Ted heard the click and put down the receiver. He wiped the beads of moisture from his glass, took another sip of his drink, and reached over to the silver-framed picture of Ann and the girls that sat on the counter. It had been taken two summers ago, over at Hopewell State Park. Ann was standing knee-deep in the lake, her long, rounded legs rising from the black water like majestic columns, her one-piece bathing suit smooth and slick, her hands on her hips. Her face, neither happy nor sad, was looking at the camera with quizzical patience—
Is this what you want? Is this it?
—while the girls lay like flatfish in the water near her. He stared at the snapshot without expression as he finished his drink.

 

H
E HAD PICTURED
, during his four days and nights in jail lying on the hard bed that emitted a rank, musty stench every time he moved, what he would be doing at each moment if he hadn't been locked away from his own life; at 10:30 Monday morning, at 5:45, at 9:00
A.M
. Tuesday, the phone calls, the lunches, the papers, even the bathroom; had pictured in precise detail his parallel self going about the parallel world just out of his reach, so that when he walked down the street now, when he pulled open the door that had “Waring and Freeman” inscribed on it in simple black letters, as he had done so many times before, he was not quite sure if he was picturing it or doing it. Time itself, gravity, had been left in that cell; it was a different time, a different gravity he found when he emerged, lighter, less substantial.

He pulled open the door, listened to his own steps on the linoleum. “Hi.”
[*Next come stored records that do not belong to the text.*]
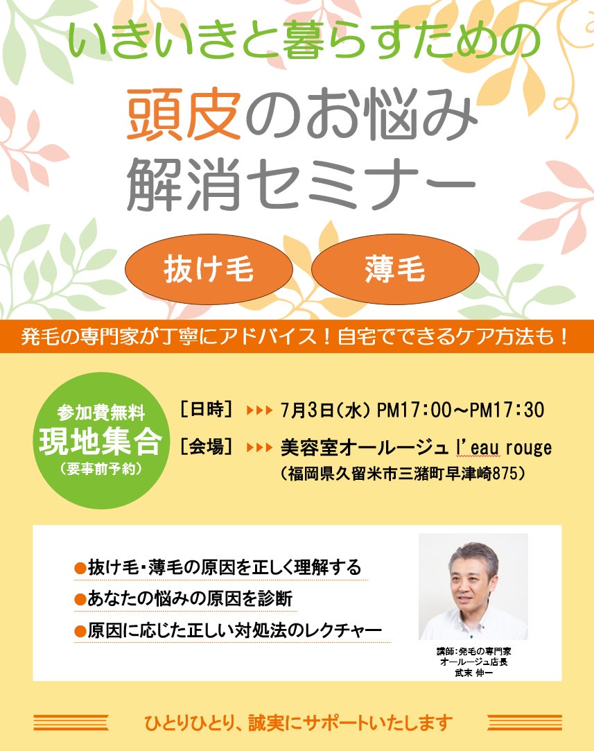 いきいきと暮らすための 頭皮のお悩み解消セミナー(抜け毛・薄毛)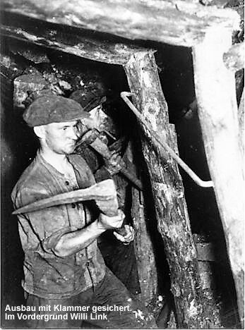 Eines Tages, so um 1948, war eine Gruppe auf der 104 m Sohle der Grube Caroline beim Rückbau. Das ist so zu verstehen: Vom Schacht aus wurden die Hauptförderstrecke (hier fuhr die Grubenbahn) und von da aus die einzelnen Abbaustrecken aufgefahren (gegraben) und zwar immer - soweit möglich- innerhalb des Erzkörpers. D. h., das Erz über und neben den Strecken blieb zunächst stehen und wurde nicht abgebaut. Die Strecken wurden durch den Ausbau mit Holz gegen den Druck des darüber liegenden Gesteins gesichert. Je nach dem Druck des Gebirges wurde der Ausbau enger oder weiter gemacht. Die Ständer und Firste standen bei hohem Gebirgsdruck dichter nebeneinander, als sonst üblich. Wenn das Ende des Erzkörpers erreicht war, wurde zurückgebaut. Jetzt wurde auch das über und neben der Strecke vorhandene Erz herausgeholt.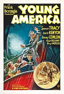 Young America is a 1932 American Pre-Code drama film about two juvenile delinquents - Arthur and Nutty - directed by Frank Borzage and starring Spencer Tracy and Doris Kenyon. It was first adapted for the screen by Maurine Watkins from the play by Fred Ballard (Copyright 1931, Premier Syndicate Hollywood, Sept. 2). William M. Conselman rewrote the screenplay and Maurine Watkins' name no longer appeared on the credits (per American Film Institute catalog). Raymond Borzage plays Edward 'Nutty' Beamish in the film.[1]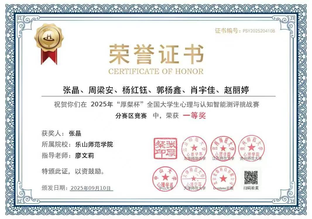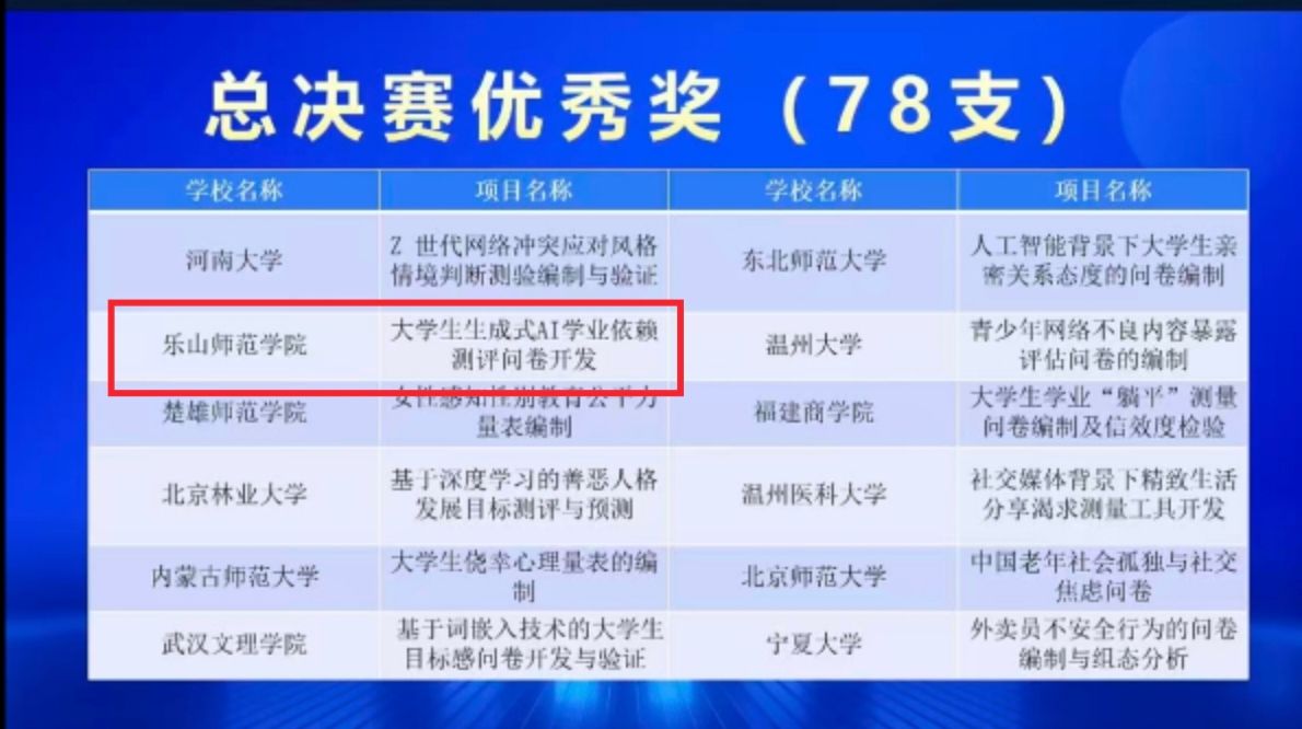 本网讯(文、图/黄雪菲) 近日,首届“厚粲杯”全国大学生心理与认知智能测评挑战赛全国总决赛圆满落幕并公布了获奖结果。betway西汉姆由廖文莉老师指导,张晶、周梁安、杨红钰、郭杨鑫、肖宇佳、赵丽婷同学组凭借项目“大学生生成式AI学业依赖测评问卷开发”荣获分赛区一等奖、全国总决赛优秀奖。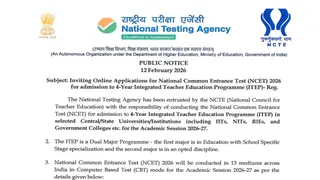 एजुकेशन डेस्क, नई दिल्ली। राष्ट्रीय परीक्षण एजेंसी (NTA) की ओर से नेशनल कॉमन एंट्रेस टेस्ट (NCET) के जरिये चार वर्षीय इंटीग्रेटेड टीचर एजुकेशन प्रोग्राम (ITEP) में दाखिला लेने के लिए ऑनलाइन आवेदन प्रक्रिया आज यानी 12 फरवरी से शुरू हो गई है। जो उम्मीदवार सेंट्रल, स्टेट यूनिवर्सिटी, आईआईटी जैसे प्रतिष्ठित में यूनिवर्सिटी में दाखिला लेना चाहते हैं। वे उम्मीदवार इस प्रवेश परीक्षा के लिए ऑनलाइन माध्यम में आवेदन कर सकते हैं। आवेदन करने की अंतिम तिथि 10 मार्च, 2026 निर्धारित की गई है।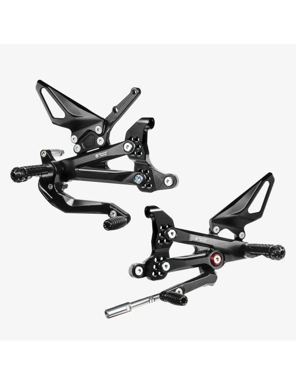 Bonamici Racing rearset systems are milled from an aluminum alloy block using CNC technology, which provides unmatched precision and durability. Bearings are used in these connections to reduce the impact of friction on the gearshift and brakes to ensure maximum accuracy for the rider. Bonamici Racing rearset systems are selected by the leading WorldSBK and other championship teams - BMW, Honda, Aprilia, Yamaha, etc. 100% made in Italy.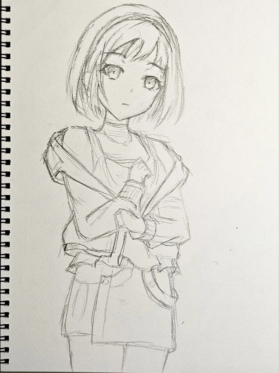 俺從衣服開始畫的,因爲中間那塊三角形很顯眼.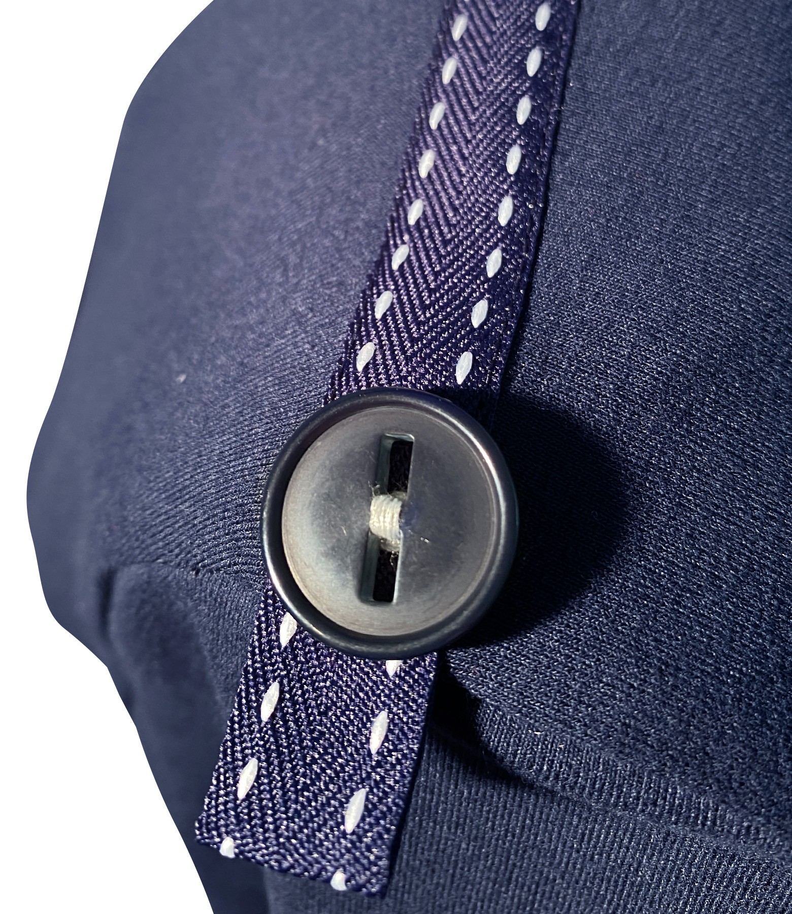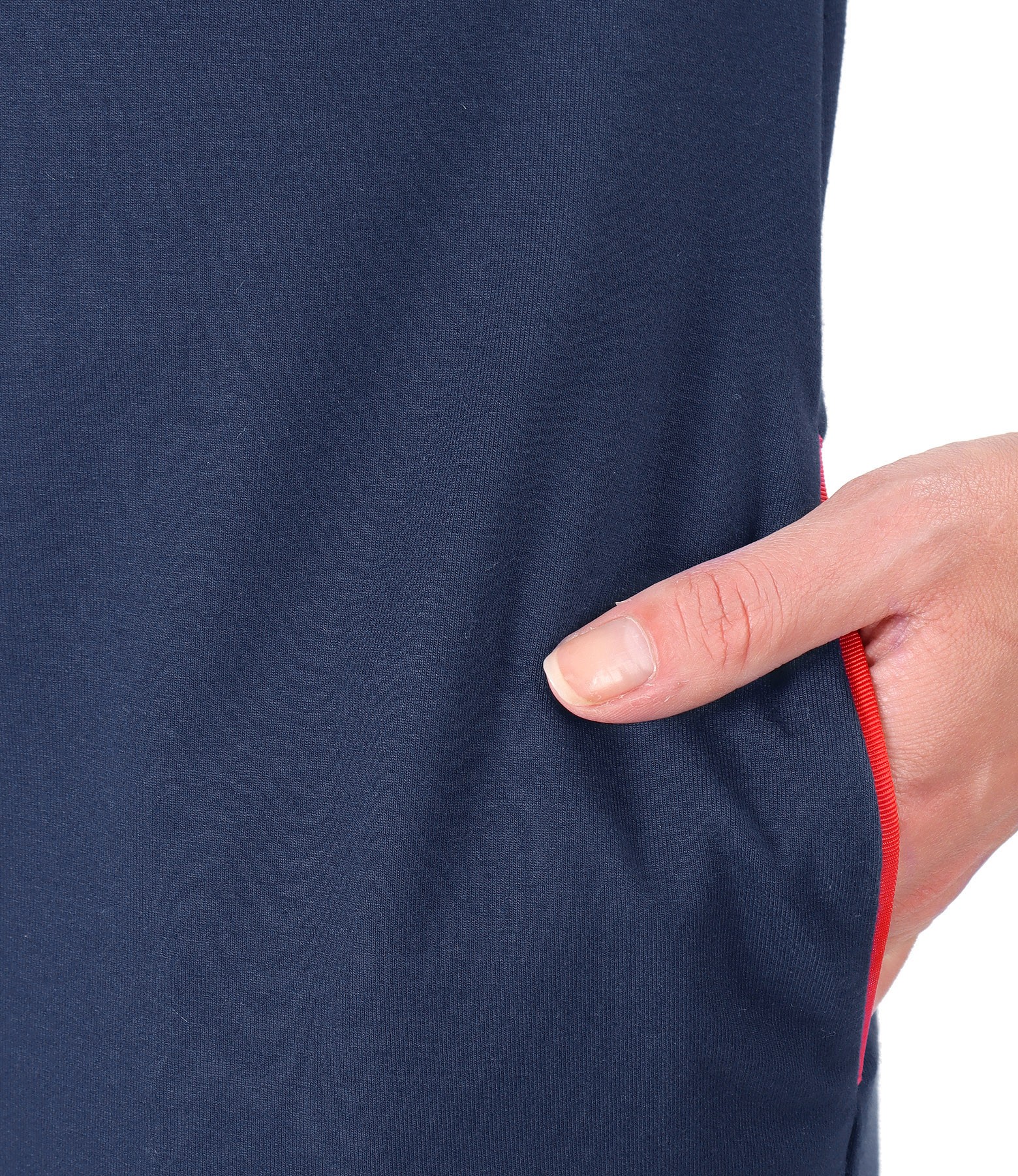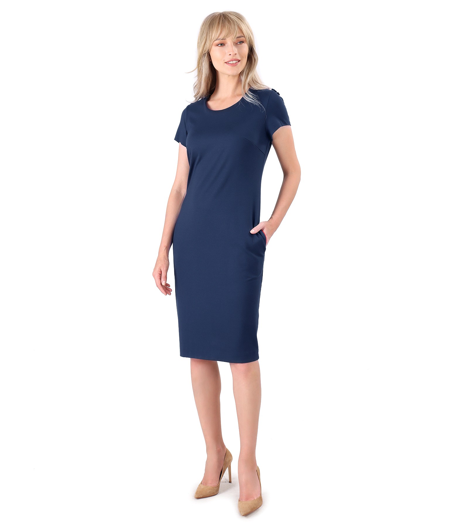 Rochie necaptusita din jerse elastic de viscoza, cu decolteu rotund, buzunare laterale si epoleti cu banda ripsata cu nasturi aplicata pe umeri. Nu are sistem de inchidere.

Ruth Becker, the secretary, ostentatiously refused to meet his eyes, shuffling papers noisily in case he missed the point. Thirty pounds overweight, with bouffant hair dyed a shimmering gold, she was not a woman given to understatement. When he had first left Ann, Ruth would cut out newspaper articles with headlines like “Divorced Men Suffer Greater Risk of Heart Attack” and “Why Divorced Men Have a Higher Rate of Suicide,” and leave them on his desk in the morning, the key points highlighted in yellow. “How come people who've never been married always know so much more about marriage than people who have?” he teased her. Still, he had himself lost the scent of marriage, lost a feel for its boundaries and its attributes, and though he pretended to throw them away, he took the articles home and read them during the endless nights alone in the gray Royalton Oaks apartment. He shifted his feet and smiled; she could usually be teased out of her pouts. But she didn't budge, kept moving papers, paper clips. “Suit yourself,” Ted muttered, and headed back to Carl's office.
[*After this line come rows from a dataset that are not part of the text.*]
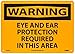 - Visibility: the personal protection signage has the legend “WARNING EYE AND EAR PROTECTION REQUIRED IN THIS AREA” printed in legible and bold text to ensure clear visibility even in poor lighting conditions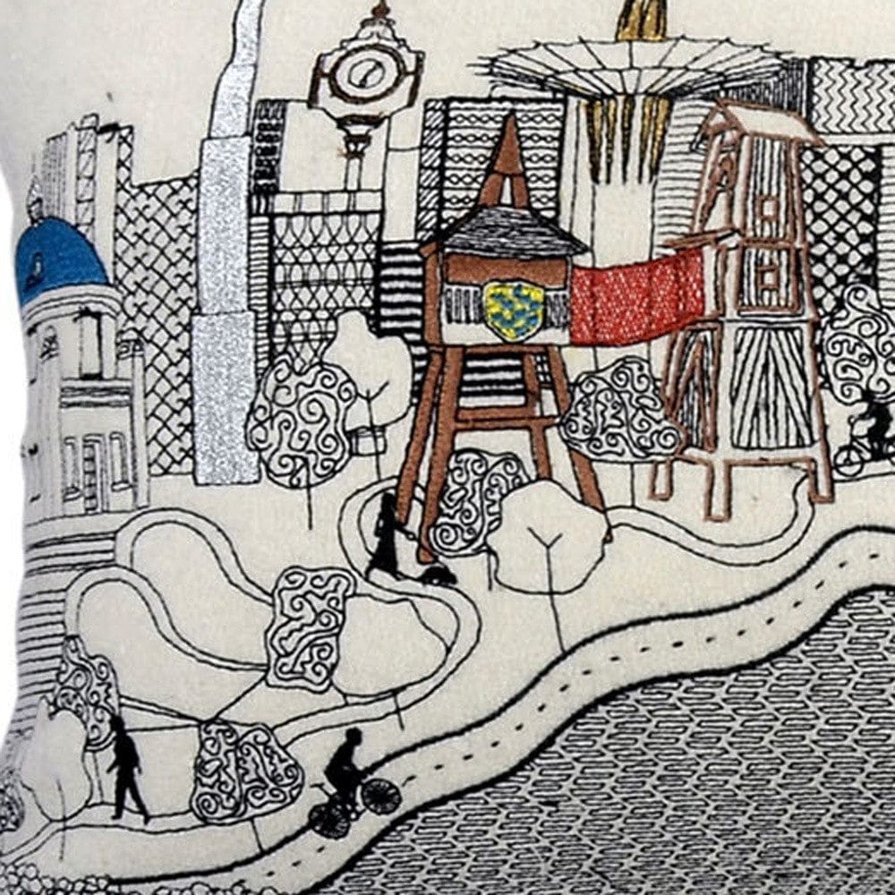 Showcase this famous city, with our Cream Color Tulsa Daylight Skyline Prince Size Lumbar Decorative Pillow. The daylight view of Tulsa from the Arkansas River, is picture perfect. The gorgeous art features many famous landmarks and references for this destination city, rendering a modern whimsical way to bring this iconic cityscape to life. Made of a wool/nylon blend, this high quality stitched decorative pillow features black on white embroidered artwork mixed with pops of color that highlight important and recognizable icons from this popular and bustling city. This pillow makes a great gift, decorative accent and conversation piece. 4" x 24" x 14"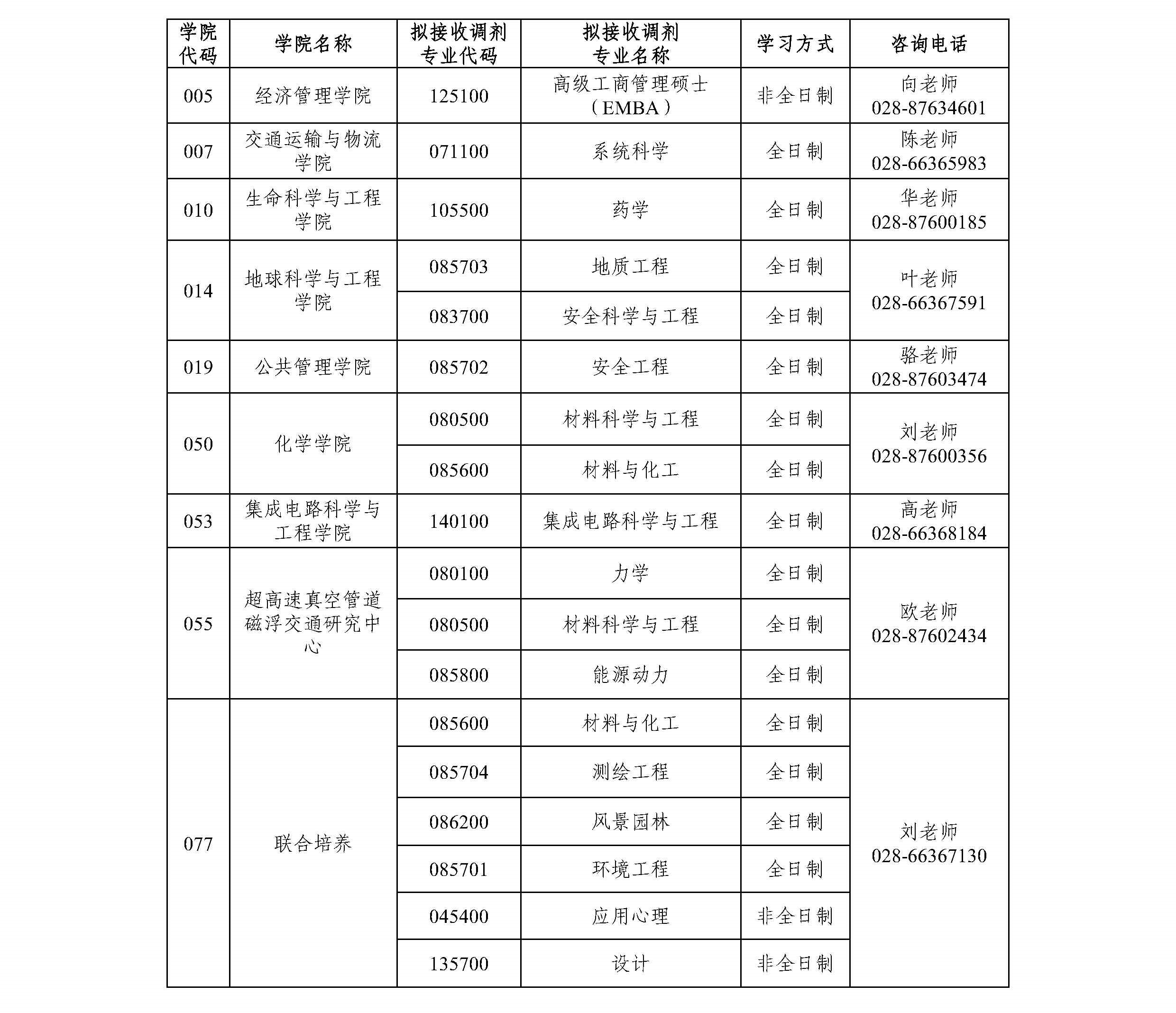 我校硕士研究生调剂信息均以中国研究生招生信息网发布的最终信息为准。所有考生调剂申请均须通过教育部“全国硕士生招生复试调剂服务系统”(网址:https://yz.chsi.com.cn/yztj)进行,不受理其它方式调剂。各专业调剂系统具体开放时间、各专业调剂缺额和要求将在“全国硕士生招生复试调剂服务系统”中公布,复试录取办法等请以西南交通大学各学院官网发布为准,请考生及时关注。

Ted pushed aside a stack of computerized building plans, the dimensions of walls and windows mapped out in pallid dots, and sat down across from his partner. “So, how bad is it?”

Carl Freeman leaned back. Wider, more florid than Ted, given to ornate silver belt buckles and expensive cowboy boots, he was nevertheless a far calmer man and had long ago devised a strategy for circumventing Ted's pointier edges by simply ignoring them. “Bad.”

“I know it's bad. Even old Ruth out there won't look me in the fucking eye. What I want to know is how bad.”

“We've lost four accounts. No one will touch you, Ted.”

“I'm not asking them to go to bed with me, I'm just asking them to let us build their goddamned houses. It's hard enough these days.” In fact, they had lately been clutching tenaciously at the tail of solvency, which just a few years ago had seemed assured—firing employees, taking on more renovations, which they earlier would have refused in favor of larger projects. “What about the Briars? Everything on schedule?”

“They're one of the four.”

“They can't just change builders two weeks before we're scheduled to break ground.”

“You shot your wife. Just what did you think was going to happen?” The exasperation, the weary anger in Carl's voice was rare, evidence of the strenuous efforts at damage control that had been eating through his days. He had not meant for it to show. He had decided early on that he believed Ted, would have to believe him, despite his wife, Alice, who, as she put it, “most certainly did not.” It had caused some tension in their kitchen, in their bedroom, this divide, and when he looked at Ted now, it was part of what he saw.